He put the phone back in the cradle, smiled reassuringly at Louise, and raised his voice.

'It's all over, folks,' he said. 'Nothing else to worry about. You just sit there and finish your meals.'

He turned and looked at Louise again.

'Dutch, are you all right?' Louise asked.

'Fine,' he said. 'I'm fine.'

And then he staggered, moving backward until he encountered the wall. His face was now very white.

'It was a goddamned girl!' he said, surprised, barely audibly.

And then he just crumpled to the floor. 'Dutch!' Louise cried, and went to him.

He's fainted! That's all it is, he's fainted!

And then she saw his eyes, and there was no life in them.

'Oh, Dutch!' Louise wailed. 'Oh, damn you, Dutch!'

****

Philadelphia, in 1973 the fourth largest city of the United States, lies in the center of the New York- Washington corridor, one of the most densely populated areas in the country.
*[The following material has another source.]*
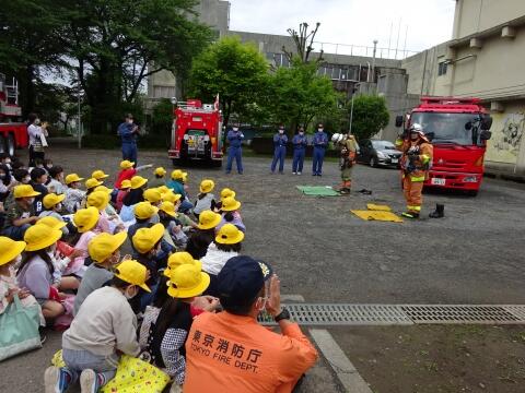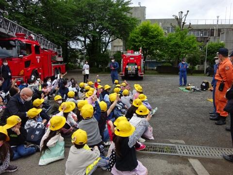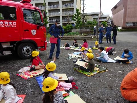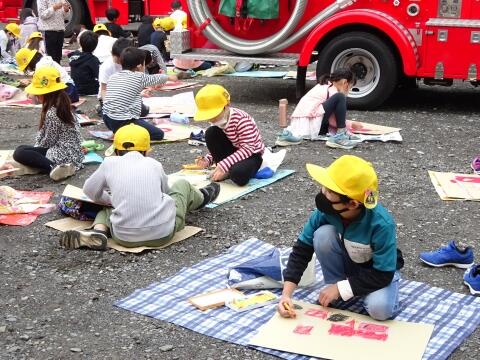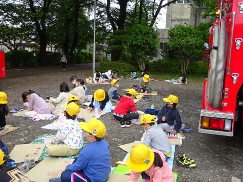 途中、少し雨が降るなど心配な天気でしたがなんとか最後までもちこたえてくれて、子どもたちは予定の時間通りに描くことができました。大きな紙に力いっぱい描いた消防車の絵と、真っ赤になった手、短くなった赤のクレパスを嬉しそうに見せてくれました。最後は消防士のみなさんに

A one-hundred-mile-radius circle drawn from William Penn's statue atop City Hall at Broad and Market Streets in downtown Philadelphia takes in Harrisburg to the west', skirts Washington, D.C., to the south; takes in almost all of Delaware and the New Jersey shore to the southeast and east; touches the tip of Manhattan Island to the northeast; and just misses Scranton, Pennsylvania to the north.

Within that one-hundred-mile-radius circle are major cities: Baltimore, Maryland; Camden, Trenton, Elizabeth, Newark, and Jersey City, New Jersey; plus a long list of somewhat smaller cities, such as Atlantic City, New Jersey; Wilkes-Barre, Pennsylvania; Wilmington, Delaware, and New Brunswick, New Jersey; York, Lancaster, Reading, Allentown, Bethlehem, and Hazleton, Pennsylvania; plus the boroughs of Manhattan, Brooklyn, and Richmond (Staten Island) of New York City.

There are more than four million people in the 'standard metropolitan statistical area' of Philadelphia and its environs, and something over two million people within the city limits, which covers 129 square miles. In 1973, there were approximately eight thousand policemen keeping the peace in the City of Brotherly Love.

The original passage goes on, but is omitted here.